В свои 38 Джеффри Янг не подлежал призыву 1914 года. Но в течение недели после возвращения из Швейцарии он устроился корреспондентом в газету Daily News и 2 августа, за два дня до официального вступления Великобритании в войну, отправился во Францию. К тому времени пять немецких армий, насчитывавших более миллиона человек, начали широкое наступление через Бельгию. Целью был Париж. На юге французы попали в немецкую ловушку, направив свои армии на восток, в Арденны и Эльзас. Сотни тысяч французских солдат, одетых в ярко-красные брюки и мундиры цвета электри`к, браво маршировали по открытой местности, словно на параде. Результатом стала резня невиданных масштабов в военной истории. За две недели в так называемом Приграничном сражении Франция потеряла более 300 тысяч человек. За три дня, начиная с 20 августа, когда Янг вел репортаж из Намюра на бельгийском фронте, погибло около 40 тысяч французов, причем первые 27 тысяч только за сутки 22 августа. К Рождеству, после четырех месяцев конфликта, Франция потеряет около миллиона человек. А впереди были еще четыре года войны.
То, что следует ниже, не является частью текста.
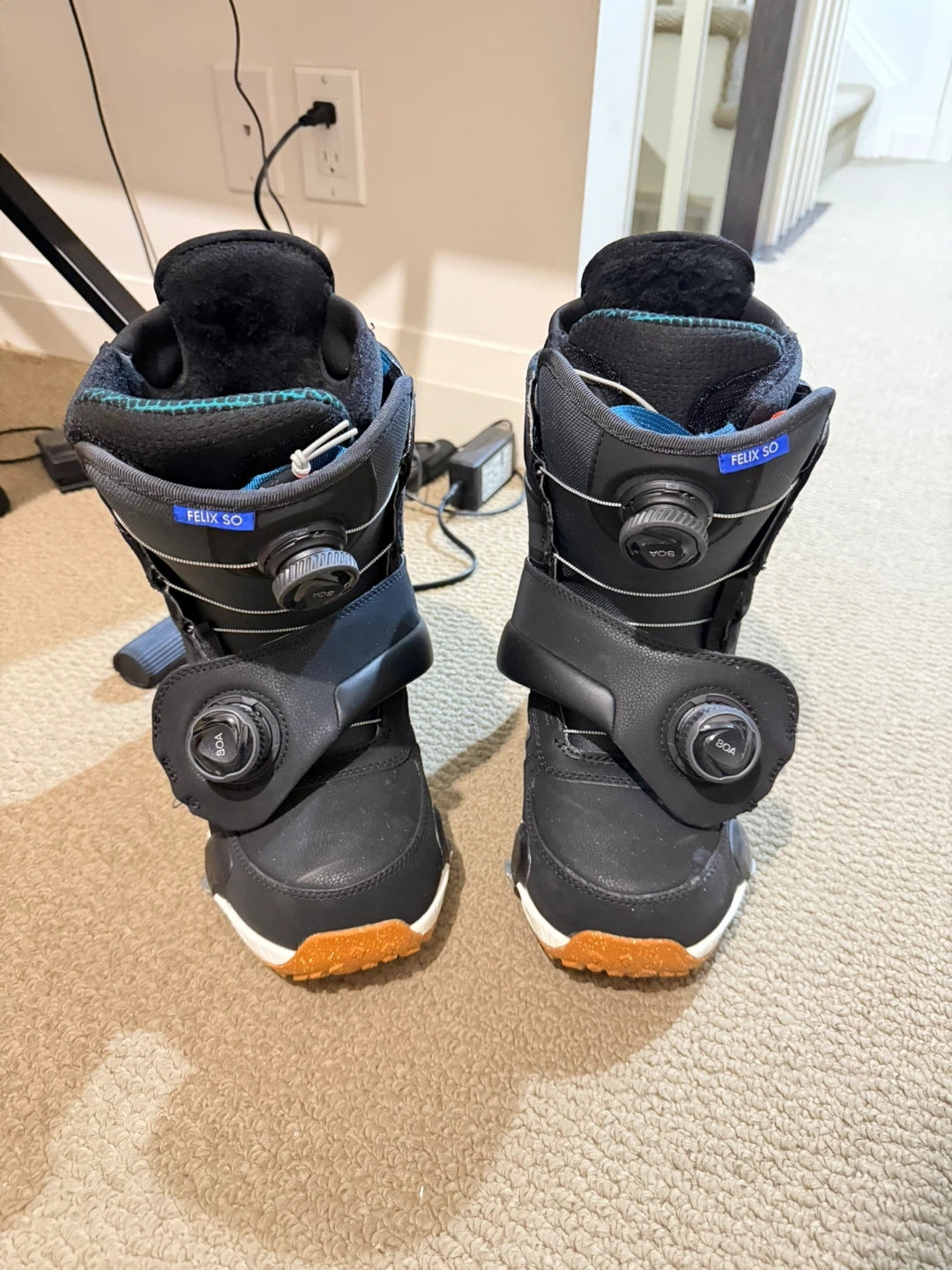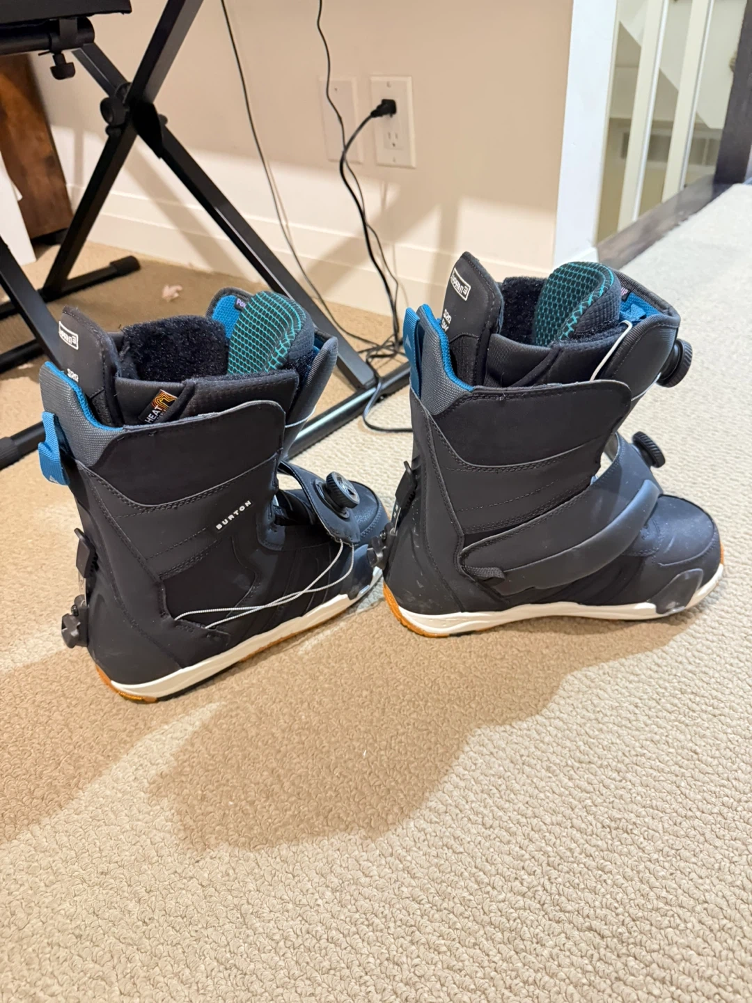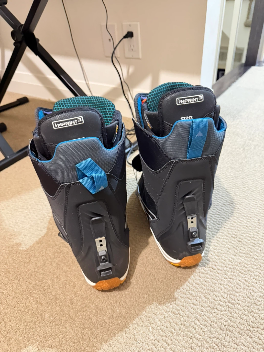 These are Burton Imprint 3 snowboard boots in black and blue. They're a size 9W and feature the Boa lacing system for a secure fit. Perfect for hitting the slopes this season! Used once

Немцы атаковали 86 дивизиями, французы – 62 дивизиями, а британцы собрали всего 4, которые спешно бросили в бой под Монсом в Бельгии. Здесь, среди шлаковых отвалов и выработок угольных месторождений, 100 тысяч солдат и офицеров британских регулярных войск вступили в сражение со всей немецкой Первой армией, втрое большей по численности. Сразу же пришлось отступать, сражаясь и захлебываясь в собственной крови. И так англичане бились, отходя на протяжении более чем 270 километров почти без отдыха. Ноги у солдат распухали до такой степени, что снятые сапоги невозможно было надеть снова.
Пока британцы отступали, сражаясь в арьергардном бою у Ле-Като, немецкий командующий Гельмут фон Мольтке потерял самообладание и приказал трем своим армиям повернуть на юг, отказавшись от попытки окружить Париж с запада, и тем самым обнажил фланг перед французами до реки Марна. В результате французской атаки 5 сентября в бой вступило более двух миллионов человек, и с каждой стороны полегло более чем полмиллиона. Немцев удалось остановить, но не разбить, и началась гонка за море – армии двинулись на север и запад, постоянно пытаясь обойти друг друга и повернуть линию фронта, которая с каждым днем все глубже врезалась в территорию Франции. Последняя отчаянная попытка немцев достичь портов Дюнкерка, Булони и Кале была сорвана британцами у средневекового города Ипр, в сражении, которое немцы назвали «Резней невинных»[3].
Лобовые атаки на британцев начались 20 октября и не прекращались до третьей недели ноября. Линию фронта удалось удержать ценой огромных потерь. Когда зимние дожди, самые сильные за последние сорок лет, заставили замолчать орудия с обеих сторон, британские экспедиционные силы, то есть почти вся регулярная армия империи, прекратили свое существование. Треть из 160 тысяч человек погибли. Батальоны, отправившиеся во Францию в августе в составе сорока офицеров на тысячу солдат, в среднем сократились до одного офицера и тридцати солдат. Седьмая дивизия, прибывшая во Францию в октябре, насчитывала 400 офицеров и 12 тысяч солдат, за 18 дней она потеряла 9 тысяч человек.